*** INFORMATION SHOWN ***

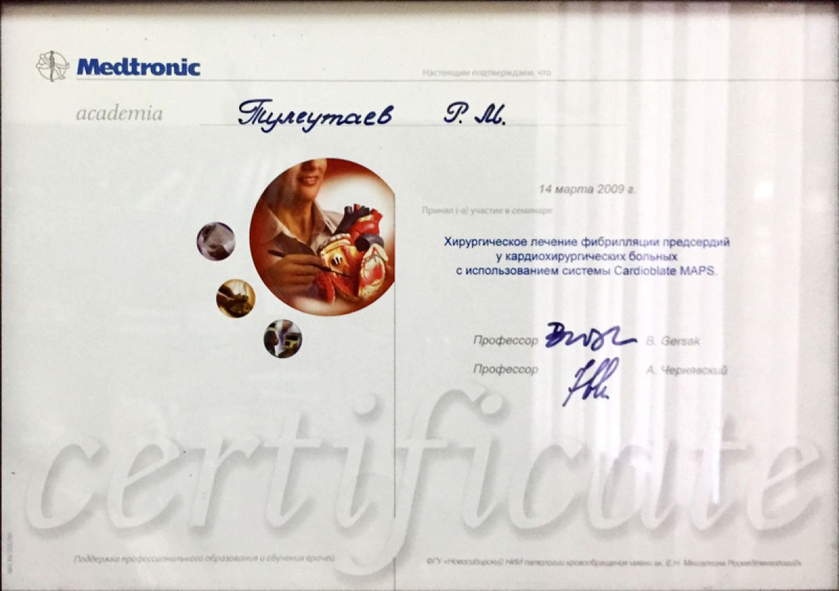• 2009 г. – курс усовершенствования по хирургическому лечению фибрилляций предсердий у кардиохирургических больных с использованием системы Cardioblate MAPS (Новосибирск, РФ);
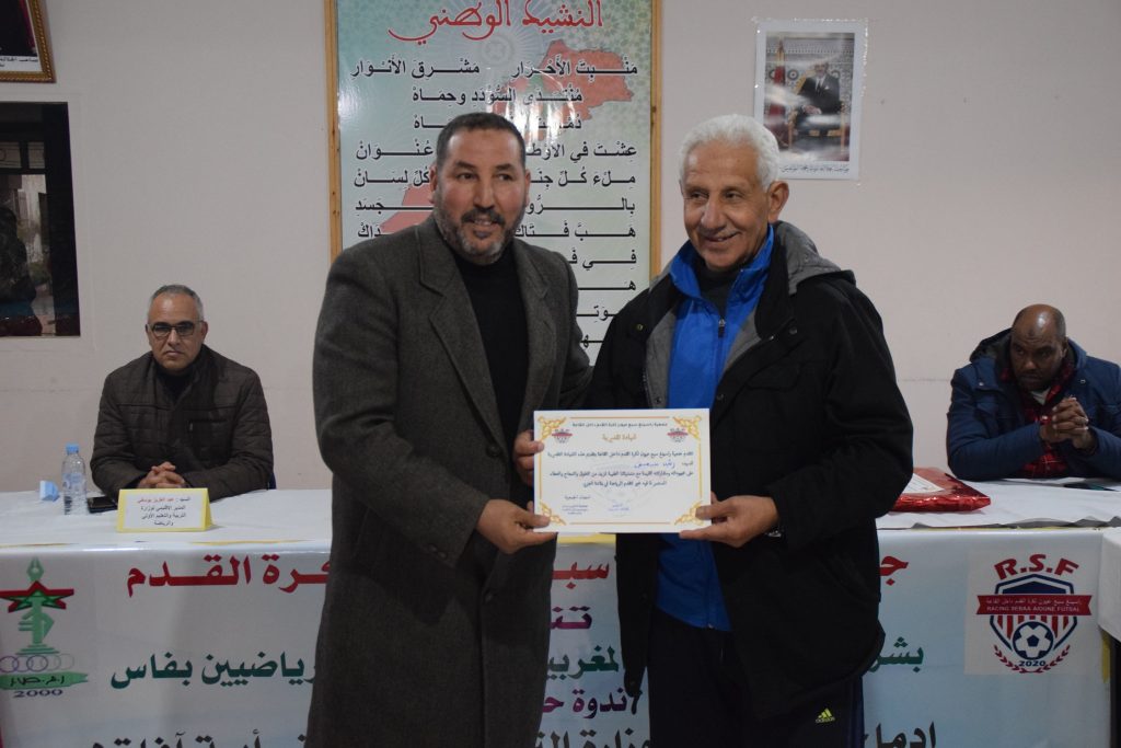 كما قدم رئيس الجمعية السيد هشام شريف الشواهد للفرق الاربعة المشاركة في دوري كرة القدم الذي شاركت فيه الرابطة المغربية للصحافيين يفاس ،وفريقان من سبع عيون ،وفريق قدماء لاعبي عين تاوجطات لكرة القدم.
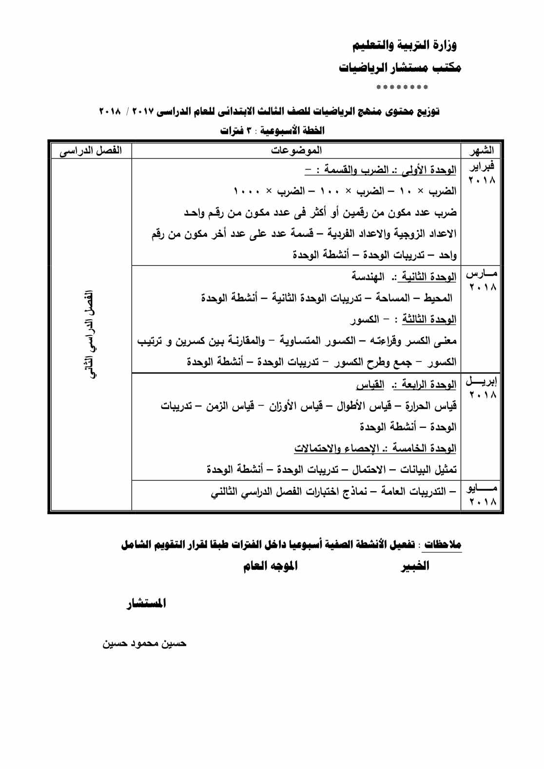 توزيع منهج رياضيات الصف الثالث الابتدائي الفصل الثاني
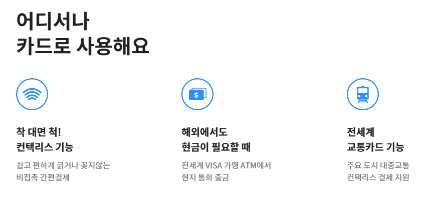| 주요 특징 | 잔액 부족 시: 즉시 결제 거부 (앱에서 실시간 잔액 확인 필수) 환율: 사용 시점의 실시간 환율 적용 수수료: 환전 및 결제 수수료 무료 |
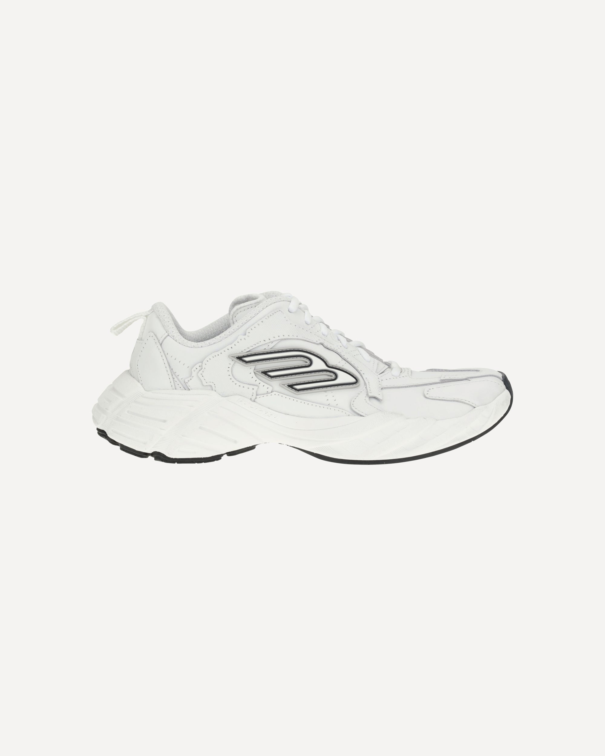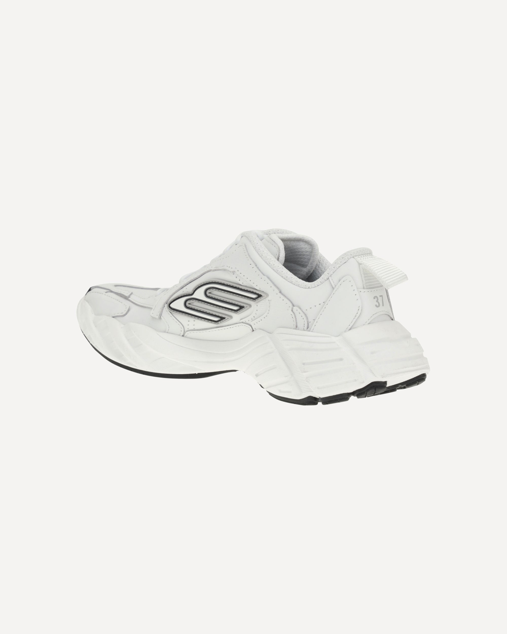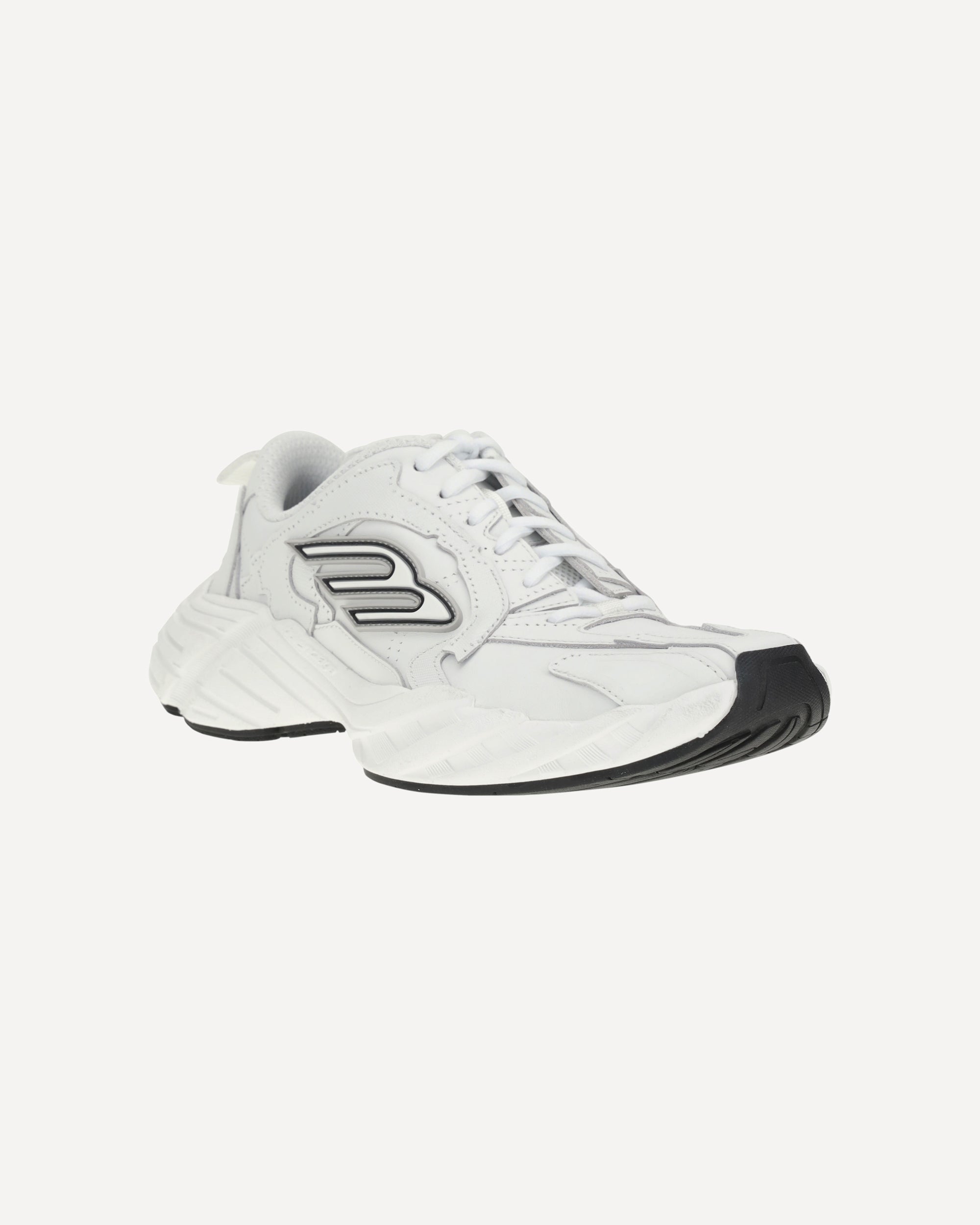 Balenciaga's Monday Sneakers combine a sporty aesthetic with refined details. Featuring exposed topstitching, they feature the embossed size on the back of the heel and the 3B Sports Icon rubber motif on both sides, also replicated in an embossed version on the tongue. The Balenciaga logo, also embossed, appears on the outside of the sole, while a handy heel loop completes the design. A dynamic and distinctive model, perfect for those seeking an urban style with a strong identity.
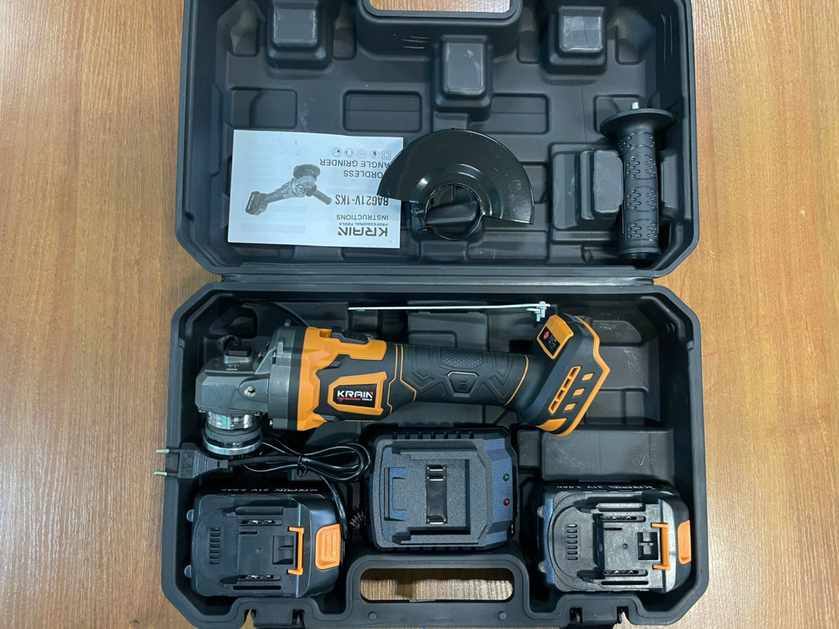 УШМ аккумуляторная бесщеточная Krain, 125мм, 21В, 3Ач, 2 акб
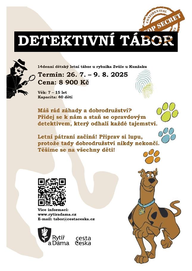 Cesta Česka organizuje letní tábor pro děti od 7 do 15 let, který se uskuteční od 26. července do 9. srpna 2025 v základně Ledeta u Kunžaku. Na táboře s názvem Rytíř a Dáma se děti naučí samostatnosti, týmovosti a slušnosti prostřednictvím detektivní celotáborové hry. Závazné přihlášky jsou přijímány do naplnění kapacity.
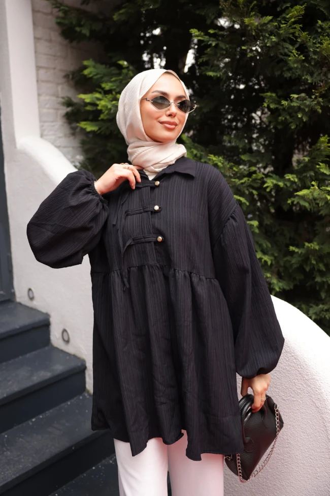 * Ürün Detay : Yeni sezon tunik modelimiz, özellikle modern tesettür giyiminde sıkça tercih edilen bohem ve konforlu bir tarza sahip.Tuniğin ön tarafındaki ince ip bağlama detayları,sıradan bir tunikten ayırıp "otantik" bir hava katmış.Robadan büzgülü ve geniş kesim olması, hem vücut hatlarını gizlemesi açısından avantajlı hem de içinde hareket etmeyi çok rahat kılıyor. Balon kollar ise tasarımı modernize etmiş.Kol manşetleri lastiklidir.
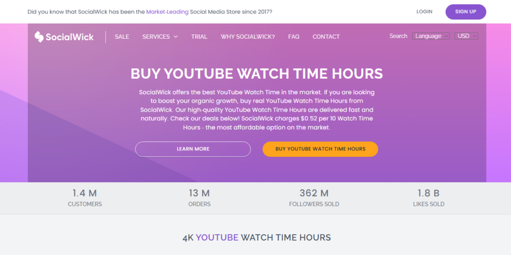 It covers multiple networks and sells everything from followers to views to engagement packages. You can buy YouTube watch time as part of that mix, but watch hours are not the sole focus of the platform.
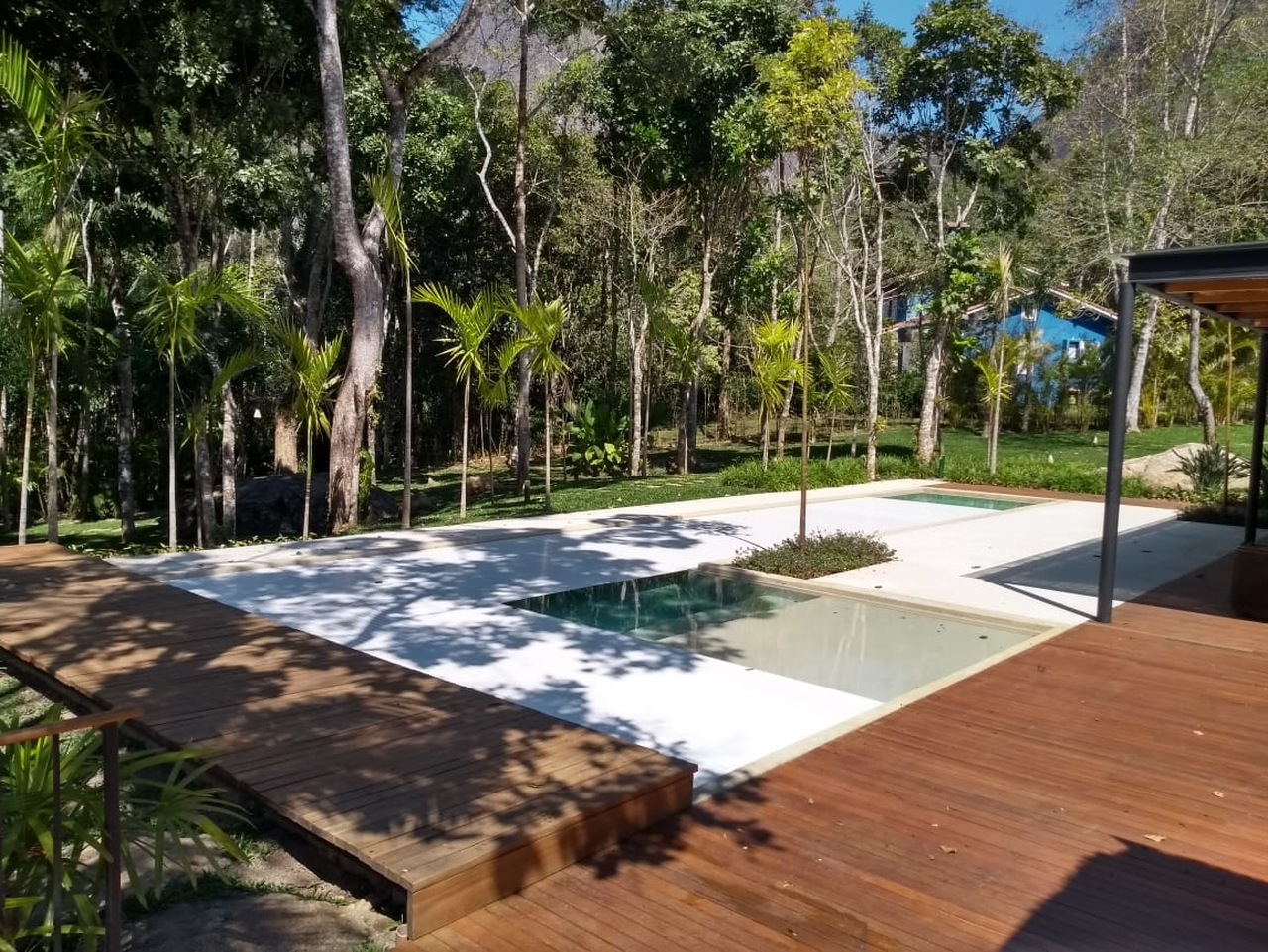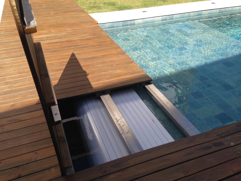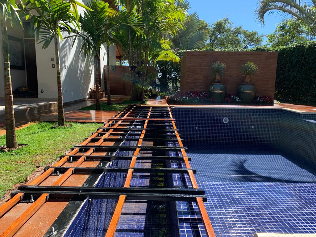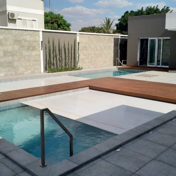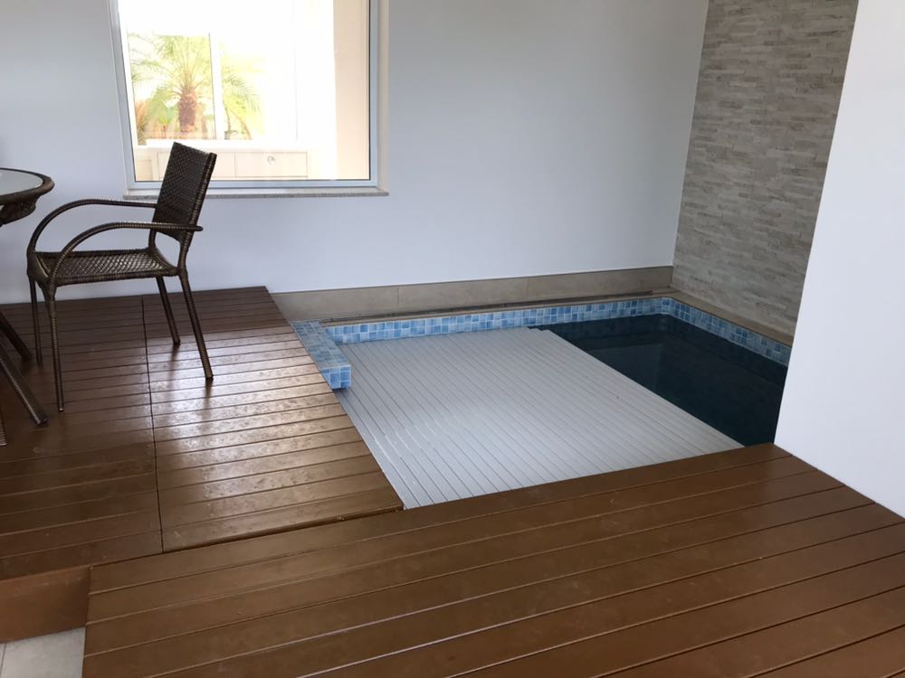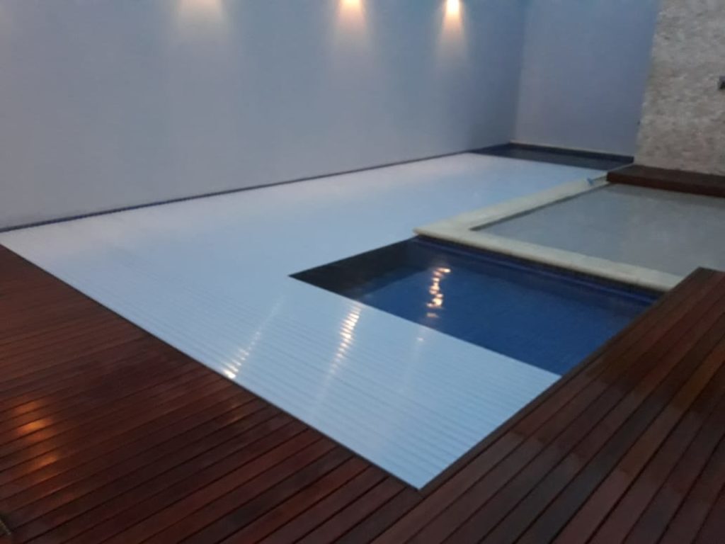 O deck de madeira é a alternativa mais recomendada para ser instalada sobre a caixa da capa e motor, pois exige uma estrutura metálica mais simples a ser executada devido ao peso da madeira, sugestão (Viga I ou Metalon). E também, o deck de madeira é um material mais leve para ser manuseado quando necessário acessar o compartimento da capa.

***

Find the line holding "It covers multiple" in the data above. Retype it and every later line exactly, through the end, but not the pictures.

 It covers multiple networks and sells everything from followers to views to engagement packages. You can buy YouTube watch time as part of that mix, but watch hours are not the sole focus of the platform.
 O deck de madeira é a alternativa mais recomendada para ser instalada sobre a caixa da capa e motor, pois exige uma estrutura metálica mais simples a ser executada devido ao peso da madeira, sugestão (Viga I ou Metalon). E também, o deck de madeira é um material mais leve para ser manuseado quando necessário acessar o compartimento da capa.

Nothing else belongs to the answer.